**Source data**
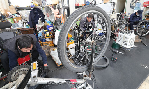 23일 서울 송파구 잠실역 부근 잠실자전거수리센터에서 직원들이 고장 난 자전거를 수리하고 있다. 잠실자전거수리센터는 송파구가 직접 운영하는 곳으로 타이어 펑크, 베어링 교체 등 자전거 수리 서비스를 구민들에게 제공한다.
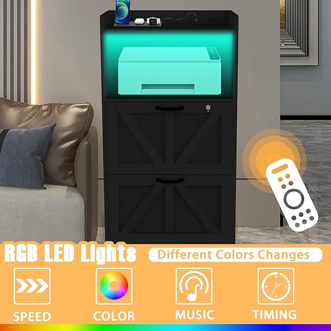 - 【Filing Cabinet with LED Lights】The vibrant lighting design of the two drawer file cabinet (different color, speed adjustment, music sync, timing function), create a cozy and stylish atmosphere with a remote-controlled LED strip.
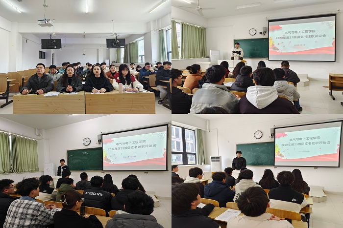 为切实加强基层团组织建设,增强基层团组织的凝聚力和执行力,3月9日下午,电气与电子工程学院于致知楼C103、C105、C108召开2023年度“对标定级”团支部述职评议大会。学院团委书记张成孜,专职辅导员陈更强、陈磊新出席会议,学院团委全体成员以及2021、2022、2023级团支部成员参加会议。
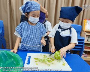活动开始,鼓声响起,为新春活动拉开序幕,大哥哥大姐姐带来活泼可爱的舞狮表演,引得小朋友们笑声连连。随后,孩子们在老师与志工陪伴下,动手洗菜、削果皮,包裹寓意“步步高升”的年糕春卷,制作水果串,淋上巧克力酱,寓意能巧妙克服困难的能力。
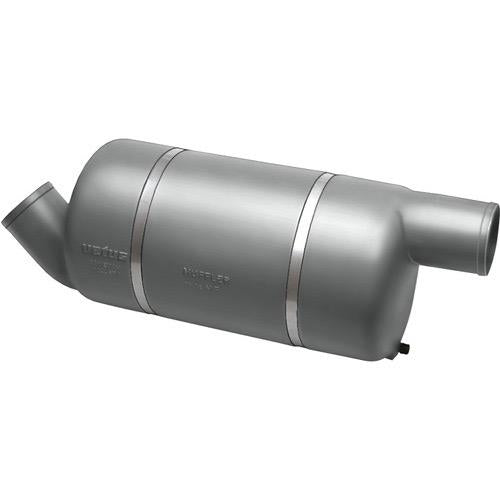 This system is only applicable to water-injected exhaust systems and is perfect for fast craft with powerful engines without available space for installation of a waterlock and/or gooseneck. By using this compact system you have tremendous reduction of exhaust noise with minimal back pressure. All parts are made of synthetic materials, corrosion free and light weight.
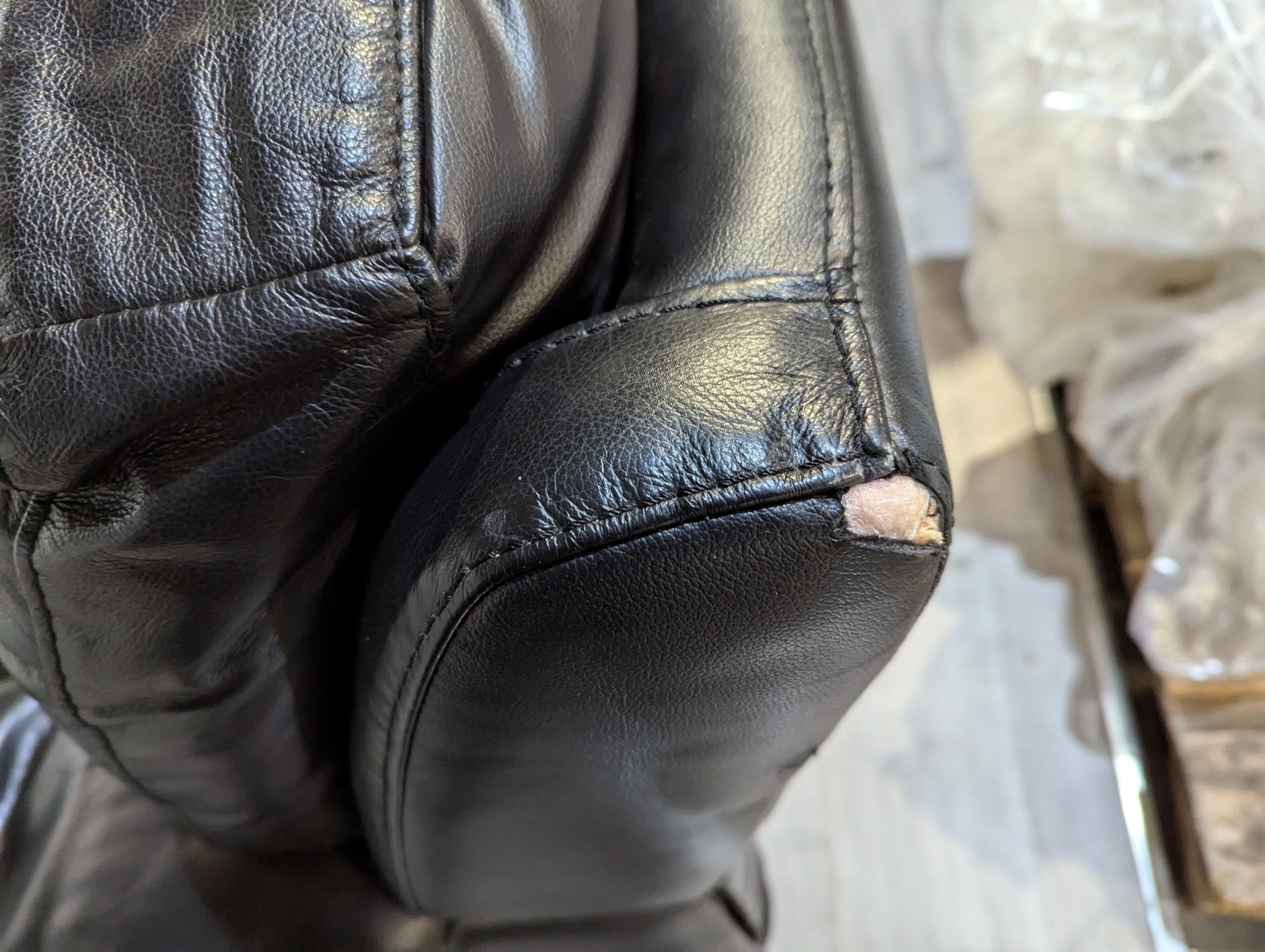 Scuffs and rips to the leather, dirty, deep impression marks on arms, missing power pack
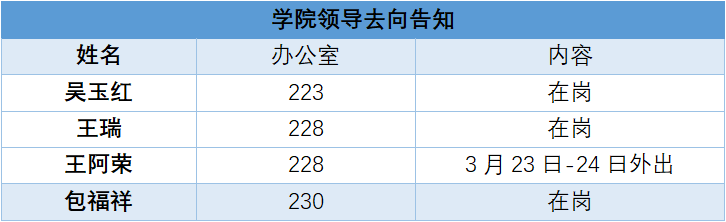 2026年3月23日~3月27日学院领导去向告知
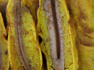 Beeh ko bech mein sa do hisson mein cut ker lein aur potato mixture laga ker ache tarhan coat ker lein & side per rakh dein
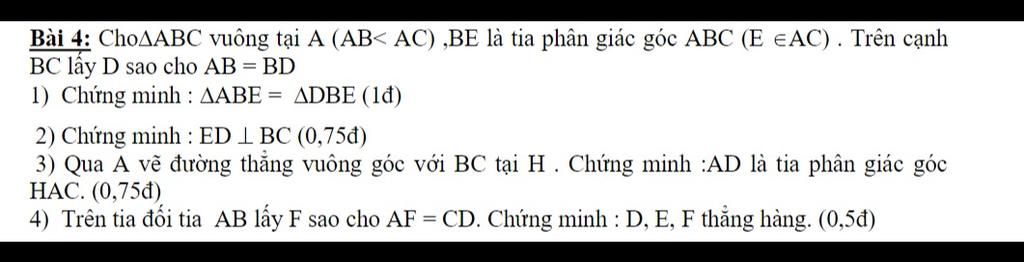 4) `AC⊥AB` (`ΔABC` vuông tại `A`); `F∈AB`
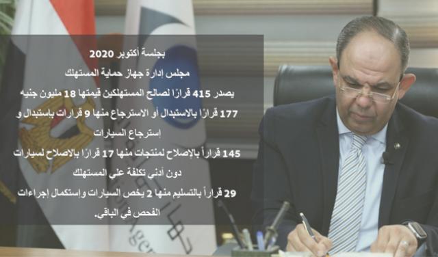 وصرح الدكتور أحمد سمير فرج القائم بأعمال رئيس جهاز حماية المستهلك والمدير التنفيذي عن قيام المجلس بمناقشة واصدار قرارات ملزمةفى عدد 415 شكوى بلغت قيمتها 18 مليون جنيه لصالح المستهلكين، منهم 30 شكوى فى مجال السيارات و 385 شكوى فى مجال السلعالمعمرة والمتنوعة.
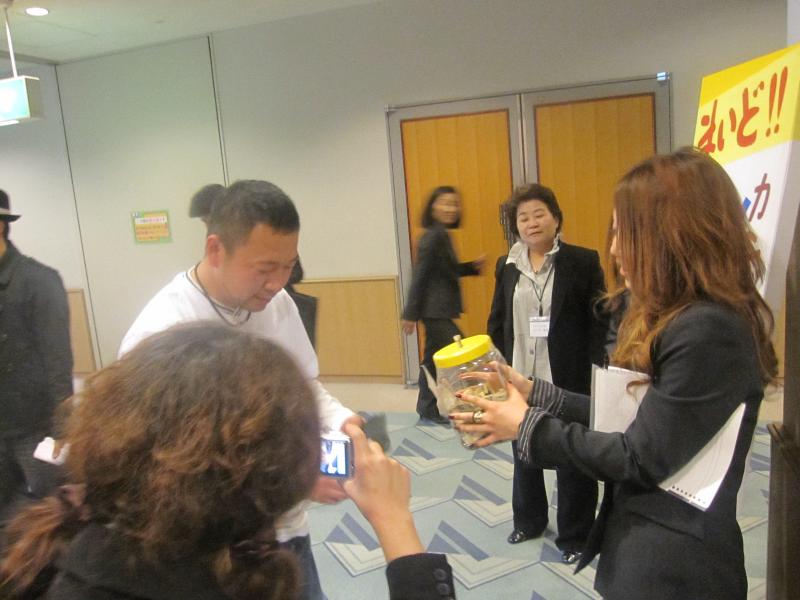 一緒に見に行った先輩はチャリティー募金をしていました。

**Work request**
In the records above, find the line containing "- 【Filing Cabinet" and output every line from the first through that one, exactly, omitting pictures.

**Exercise output**
 23일 서울 송파구 잠실역 부근 잠실자전거수리센터에서 직원들이 고장 난 자전거를 수리하고 있다. 잠실자전거수리센터는 송파구가 직접 운영하는 곳으로 타이어 펑크, 베어링 교체 등 자전거 수리 서비스를 구민들에게 제공한다.
 - 【Filing Cabinet with LED Lights】The vibrant lighting design of the two drawer file cabinet (different color, speed adjustment, music sync, timing function), create a cozy and stylish atmosphere with a remote-controlled LED strip.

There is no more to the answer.